▸ **Try it**
Start to finish, return the listing below exactly, pictures excluded.

▸ **Provided data**
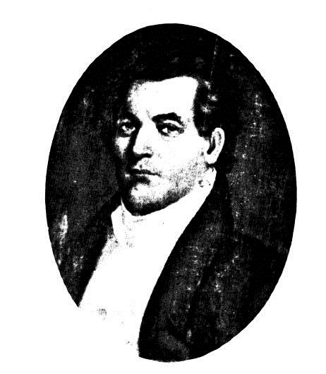 John Alexander, member of the United States House of Representatives from Xenia, Ohio. Seen in image from Greene County Historical Society.
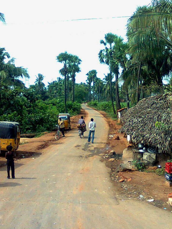 A Rural road near Maadugula, Visakhapatnam district
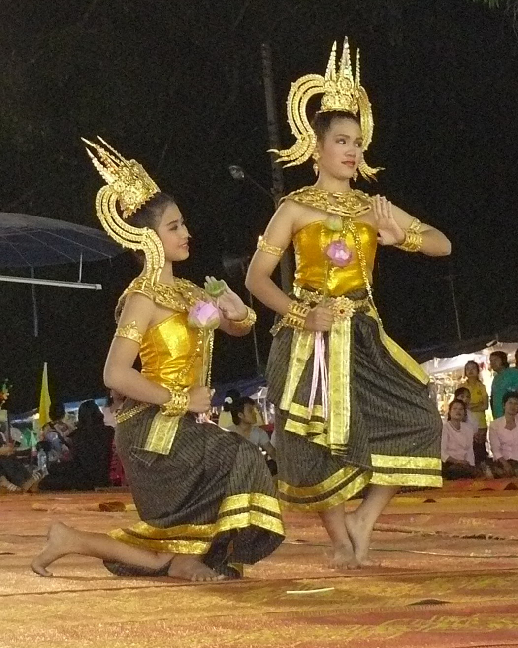 dancing art Thai ancient show in the Wat Phra Thaen Sila At fair in Thung Yang subdistrict, Amphoe Laplae, Uttaradit Province, Thailand.
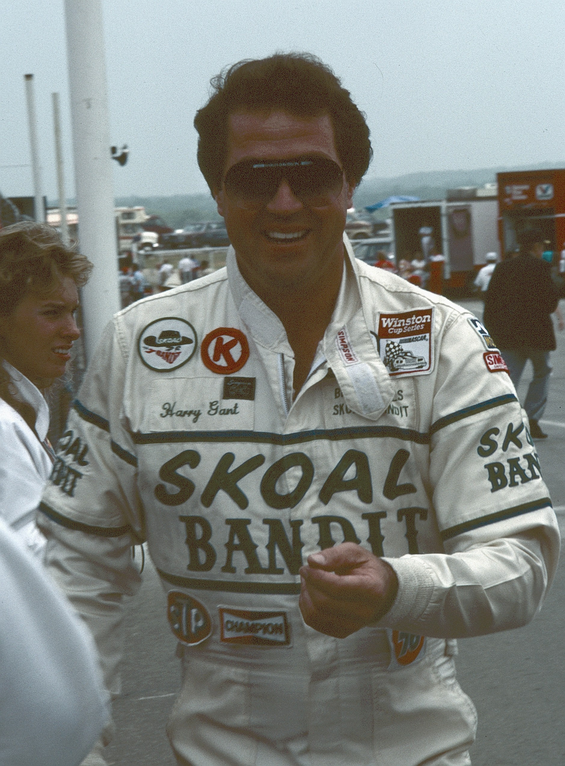 NASCAR driver Harry Gant from the 1980s or 1990s, taken by Ted Van Pelt.
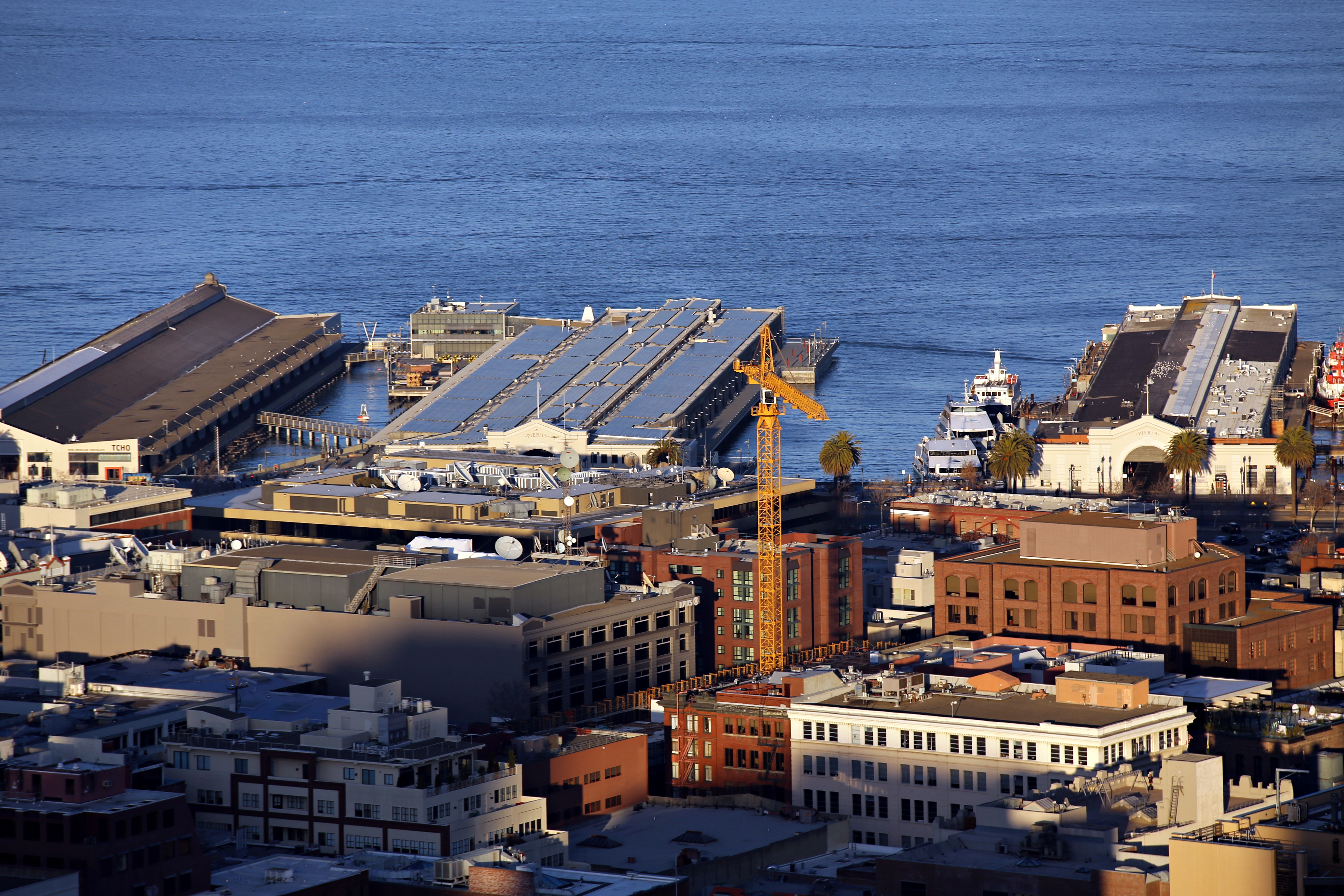 San Francisco, California, USA
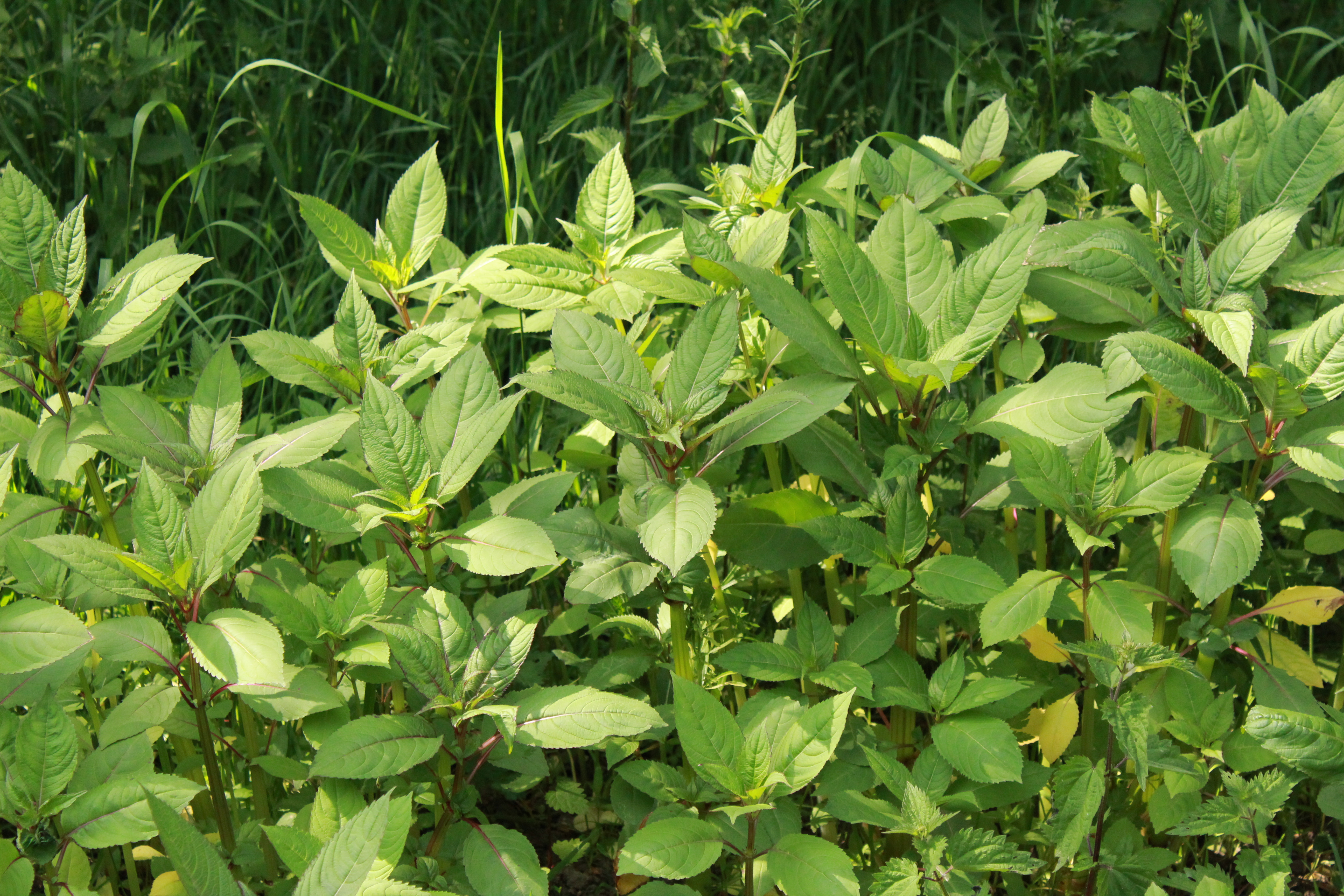 Springbalsemien in het zuidelijk deel van het Purmerbos. Wetenschappelijke benaming: Impatiens glandulifera
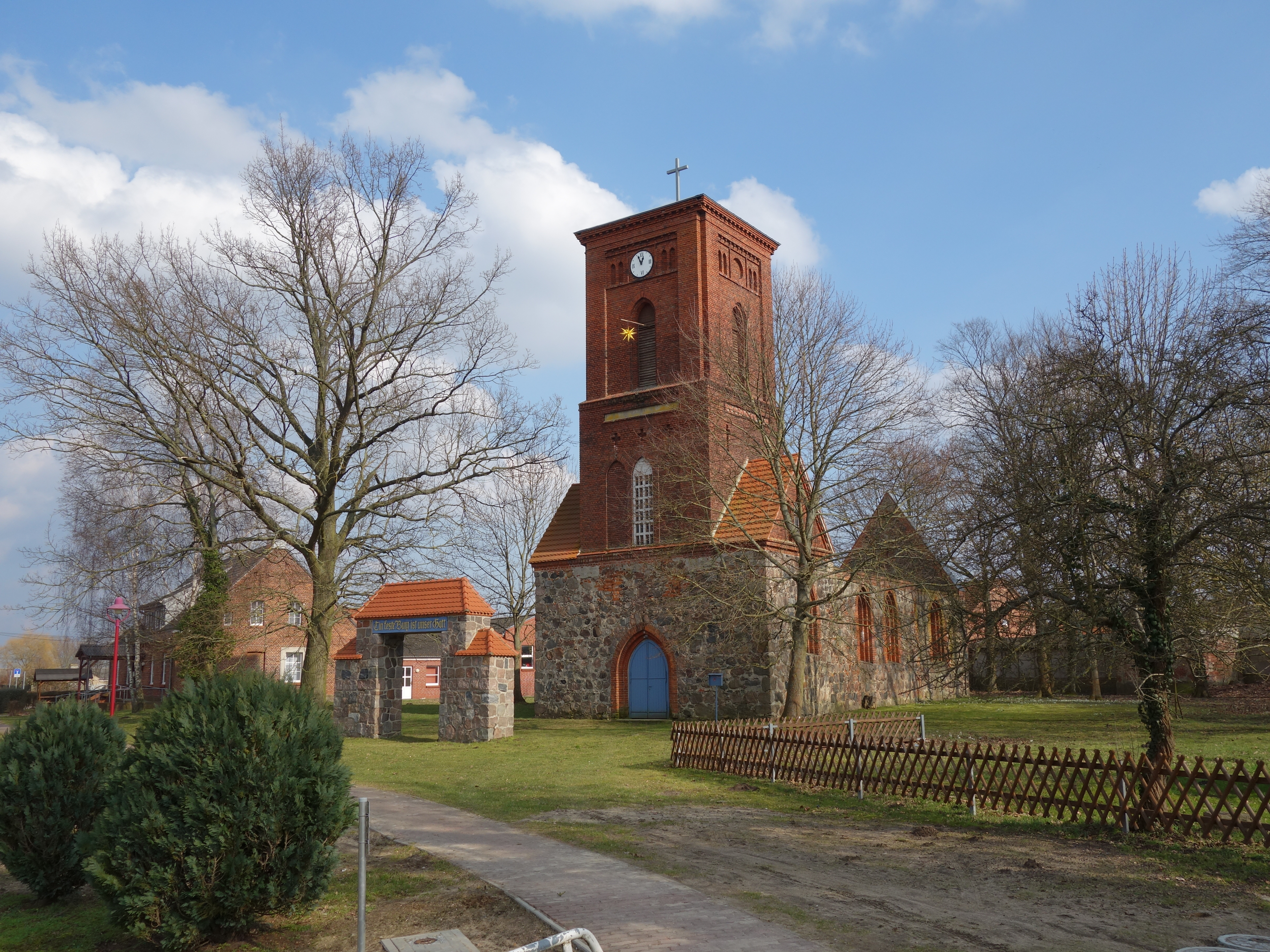 South-western view of Kränzlin church, Märkisch Linden municipality, Ostprignitz-Ruppin district, Brandenburg state, Germany

▸ **Reply to the exercise**
 John Alexander, member of the United States House of Representatives from Xenia, Ohio. Seen in image from Greene County Historical Society.
 A Rural road near Maadugula, Visakhapatnam district
 dancing art Thai ancient show in the Wat Phra Thaen Sila At fair in Thung Yang subdistrict, Amphoe Laplae, Uttaradit Province, Thailand.
 NASCAR driver Harry Gant from the 1980s or 1990s, taken by Ted Van Pelt.
 San Francisco, California, USA
 Springbalsemien in het zuidelijk deel van het Purmerbos. Wetenschappelijke benaming: Impatiens glandulifera
 South-western view of Kränzlin church, Märkisch Linden municipality, Ostprignitz-Ruppin district, Brandenburg state, Germany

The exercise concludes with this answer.